Conn. teeth-whitening law survives Supreme Court challenge

2013 11 18 17 15 05 637 Gavel 200

A Connecticut law restricting nondentists from shining light-emitting diode (LED) teeth-whitening lights on customers' teeth survived a challenge after the U.S. Supreme Court declined to review the case.

The February 29 ruling leaves in place a 2015 appellate court decision that upheld the policy of the Connecticut State Dental Commission and threatens teeth-whitening entrepreneurs with fines and jail time if they position low-powered LED teeth-whitening lights in front of their customers' mouths.

In June 2011, the dental commission issued a ruling that only licensed dentists are permitted to provide certain teeth-whitening procedures. Connecticut health authorities subsequently sent teeth-whitening business Sensational Smiles a letter telling it to stop or face legal action.

Paul Sherman, attorney for Institute for Justice.Paul Sherman, attorney for Institute for Justice.

"By allowing this ruling to stand, the Supreme Court has imperiled the rights of entrepreneurs throughout New York, Connecticut, and Vermont," said Paul Sherman, the Institute for Justice attorney (IJ) attorney who argued the case for Sensational Smiles, in a statement.

The IJ filed the lawsuit in 2011 on behalf of Sensational Smiles owners Tasos Kariofyllis and Steve Barraco, who were forced to close their business after the dental commission's ruling.

The IJ noted that the LED lights are no more powerful than household flashlights, pointing out it is legal to make the lights available for customers to position in front of their own mouths.

Appellate Judge Guido Calabresi wrote in the court's 2015 ruling that "much of what states do is to favor certain groups over others on economic grounds. We call this politics."

Attorney Sherman said the appellate ruling means "the government is now allowed to shut down your business simply because it likes your competitors better."

After the IJ filed suit, the dental commission abandoned most of its policy, which now only prohibits nondentists from positioning LED teeth-whitening lights in front of their customers' mouths.

"Unfortunately, by refusing to take this case, the Supreme Court has allowed a longstanding disagreement among the federal courts to stand," stated IJ co-counsel Robert McNamara in a press release.

More than 30 states have taken action against nondentist teeth whiteners, according to the IJ. The public advocacy group is challenging a similar prohibition in Georgia.

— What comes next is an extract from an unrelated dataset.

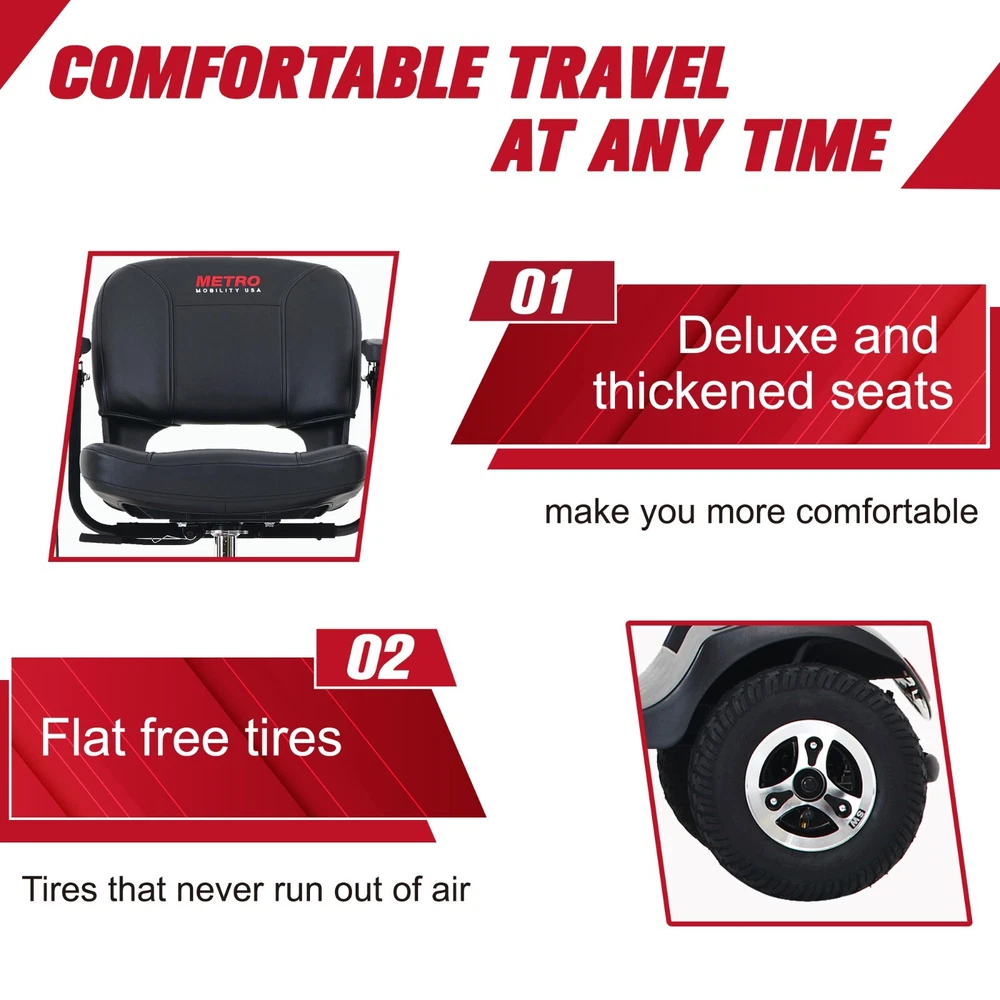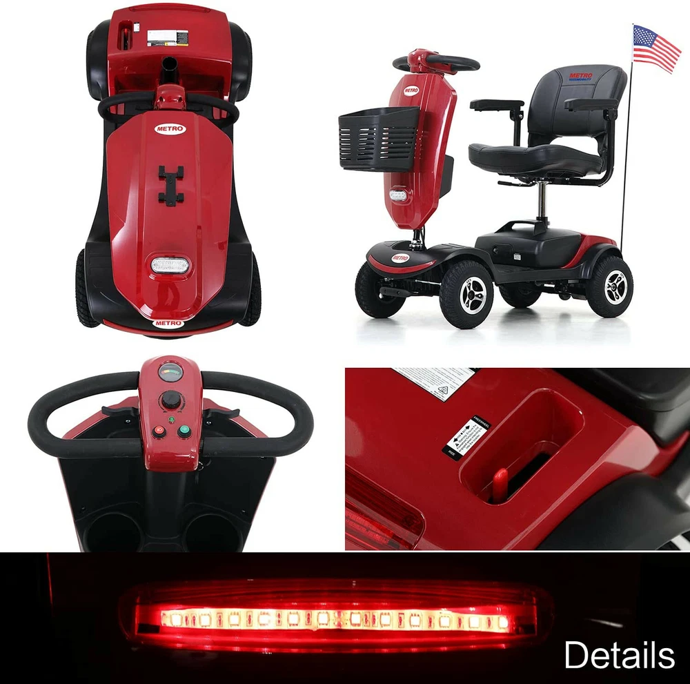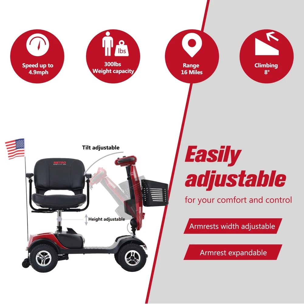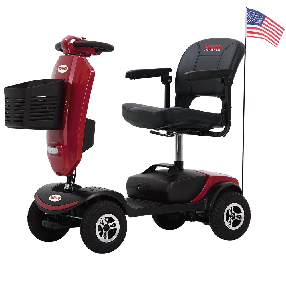 Outdoor Compact Mobility Scooter with Windshield Front LED Light for Elder Red Description Pa't'riot mobility scooter delivers high-performance operation and easy disassembly for convenience on the go. It provides you extremely driving experience. Enjoy your perfect active lifestyle. Features : 1. High-performance operation and easy disassembly 2. Sliding swivel seat with flip-up armrests 3. Max forwarding speed: 8km/h 4. Intelligent electromagnetic brake 5. Simple control panel can operate with fingertips or thumbs effortlessly。 6. Detachable basket 7. With anti-tip wheels 8. Weight capacity: 136kg(300lbs ) 9. Max driving gradient: 8° 10. Driving Range: 15-25KM 11. Rear suspension 12. Charging time: 6-8h 13. Red and Blue color options. 14. With front LED light and rear brake light 15. With Front Windshield and cup holder. 16. Front & REAR 9inches pneumatic tire. Dimensions(L×W×H) 1110×520×920(mm) Max Forward Speed 8KM/H Max Driving Gradient 10° Max Driving Range 15-25KM Weight Capacity 136KG Suspensions Rear Tire Sizes pneumatic tire 9"x3"(front) 9"x3"(rear) Driving System Rear Wheel with Gear Box Brake System Electromagnetic Brake Batteries Lead-acid 12V12AH*2pcs Charger DC24V2A AC100-240V Charging Time 6H Motor 24V/300W Motor Controller 24V/50A(Dynamic)

In February 2015 the U.S. Supreme Court ruled that the North Carolina State Board of Dental Examiners lacks the authority to regulate nondentist teeth-whitening services, finding that the board is anticompetitive because it is mostly composed of dentists.

In June 2015 the Alabama Supreme Court upheld a state law restricting nondentists from offering teeth-whitening products and services.

IJ President Scott Bullock said economic protectionism is unconstitutional.

"Across the country, occupational licensing boards are using government power not to protect the public, but to protect their members from honest competition," Bullock stated in a release.